To enrich for hibernation-relevant elements, we identified convergent genomic changes by testing for parallel hibernator accelerated regions (pHibARs) and deletions (pHibDELs) impacting the same conserved regions in multiple hibernators. Peak numbers of pHibARs were found in ~40 bp conserved regions (fig. S4A), whereas pHibDELs peaked in ~30 bp regions (fig. S4B). Examples are shown in fig. S4C, D. Hibernators have more pHibARs and pHibDELs than expected by chance (fig. S4E, F). We identified 9,374 pHibARs and 25,108 pHibDELs across the mammalian genome (Fig. 2D, E; tables S4, S5), defining convergent hibernator changes to cis-elements conserved in homeotherms.

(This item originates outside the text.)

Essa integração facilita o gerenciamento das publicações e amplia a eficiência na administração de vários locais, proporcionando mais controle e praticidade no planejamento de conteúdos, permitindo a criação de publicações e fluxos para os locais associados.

Distal CREs regulate gene expression through long-range 3D interactions. To identify genes contacted by pHibARs or pHibDELs in the hypothalamus, we used H3K27ac targeted proximity-assisted ligation ChIP (PLAC)-Seq (30, 31) (Fig. 2F, G). This generated a significant contact map, allowing us to assign pHibARs, pHibDELs, and ATAC-Seq peaks to gene promoters (Fig. 2F, G; tables S6, S7). In the hypothalamus, 14% of pHibARs formed enhancer-promoter (E-P) contacts, 58% formed enhancer-enhancer (E-E) contacts, and 28% were in conserved regions without significant regulatory contacts (Fig. 2H). Similar results were observed for pHibDELs (Fig. 2H). Hypothalamic regulatory contacts remained stable under fasting conditions, showing no metabolism-induced changes (fig. S5).

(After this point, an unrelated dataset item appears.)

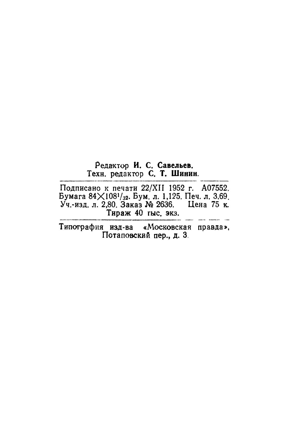 подписано к печати 22/хп 1952 г. А07552.

Using this integrated dataset, we examined interactions between pHibARs, pHibDELs, and metabolic gene expression responses. pHibARs strongly and disproportionately interact with FFR response gene promoters compared to conserved regions, particularly genes differentially expressed during 24–72 hr fasting and refeeding (fig. S6A). Additionally, pHibARs preferentially form regulatory contacts with fasting- and refeeding-affected genes, whereas parallel ARs from homeothermic lineages (pHomeoARs) are depleted for these interactions (Fig. 2I). These differences persist from the 72-hr fasting stage through 1-week refeeding (Fig. 2I). We analyzed ATAC-Seq peaks across fed, fasting, and refed states and found pHibARs were enriched in accessible hypothalamic CREs relative to conserved regions (Fig. S6B) and pHomeoARs (Fig. 2J). pHibDELs were not enriched for contacts with FFR genes but were overrepresented in ATAC-Seq peaks (Fig. S6C-F). Overall, convergent evolution in hibernators targets cis-regulatory mechanisms controlling hypothalamic FFR responses.

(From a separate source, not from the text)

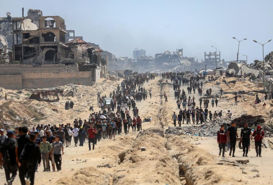 Palestinians are seen in the Sudaniya area, northern Gaza City, on June 12, 2025. (Photo by Rizek Abdeljawad/Xinhua)

pHibAR Cis-Elements Target Central Hub Genes Controlling Metabolic Response Gene Modules
Hub genes act as central regulators in gene co-expression networks (32). We tested whether hibernator genomic changes preferentially targeted hub genes in hypothalamic FFR response networks (Fig. 3A). Using weighted gene correlation network analysis on RNA-Seq data from seven FFR stages (Fig. 1D), we identified 41 gene co-expression modules (fig. S7A), each involving distinct patterns and pathways across FFR phases (fig. S7B, S8, S9). Hibernator changes disproportionately impacted five modules enriched for genes with pHibAR regulatory contacts (fig. S7C). These modules regulate neuron differentiation, neurotransmitter and opioid signaling, inflammatory responses, lysosome biogenesis, fatty acid metabolism, circadian rhythm, and dopaminergic function (fig. S8A-B, S9B). Thus, convergent evolution in hibernators selectively impacts key FFR gene co-expression modules.
Fig. 3. pHibARs regulate hub genes driving FFR response gene co-expression modules and ARs indicate CRE loss-of-function.
(A) Schematic summary of FFR response hub gene discovery and hibernator-homeotherm comparative analysis. (B) Bar plot showing the number of hub genes for each of the 41 FFR response gene co-expression modules in the mouse hypothalamus. (C) Bar plot showing the -log10(p-value) for pHibAR and pHomeoAR enrichment at FFR response hub genes compared to background conserved regions (LOLA, R). Red line indicates p = 0.05. (D) The Venn diagram shows the overlap between FFR response hub genes and genes regulated by pHibARs (Hypergeometric test, p = 2.7 × 10−5). (E) Comparison of the number of FFR response co-expression modules with and without Hibernation-Hub genes. (F) H3K27ac+ PLAC-Seq promoter contacts for the blue2 FFR co-expression module Hibernation-Hub gene, En1. Red contacts overlap pHibARs (light orange highlight) and blue contacts do not. The kWithin measures En1 intramodular connectivity. pHibARs are in orange, with gene models below (En1 highlighted in blue). (G) Bar plot showing significantly enriched Gene Ontology molecular function terms for hibernation-hub genes compared to all genes expressed in the adult mouse hypothalamus (FDR < 5%, ClusterProfiler R; bar colors correspond to BH-adjusted p-values). (H) Schematic summarizing potential effects of ARs on H3K27ac+ active CREs in the 13-lined ground squirrel compared to mice: (1) gain of CRE activity (new H3K27ac+ peaks in squirrels), (2) neutral effects (squirrel-mouse shared H3K27ac+ peaks with sequence divergence), or (3) loss of CRE activity (H3K27ac+ peaks present in mice but absent in squirrels). (I) Bar plots showing the odds ratio for squirrel ARs and mouse ARs overlapping H3K27ac+ peaks: squirrel-specific (blue), mouse-squirrel shared (purple), and mouse-specific (red), compared to conserved regions. Woolf test. ***p < 0.0001. (J) Plots showing H3K27ac+ ChIP-Seq results for the 13-lined ground squirrel (blue) and mouse (red) hypothalamus (normalized read counts for two replicates). Significant peaks in one or both species are highlighted.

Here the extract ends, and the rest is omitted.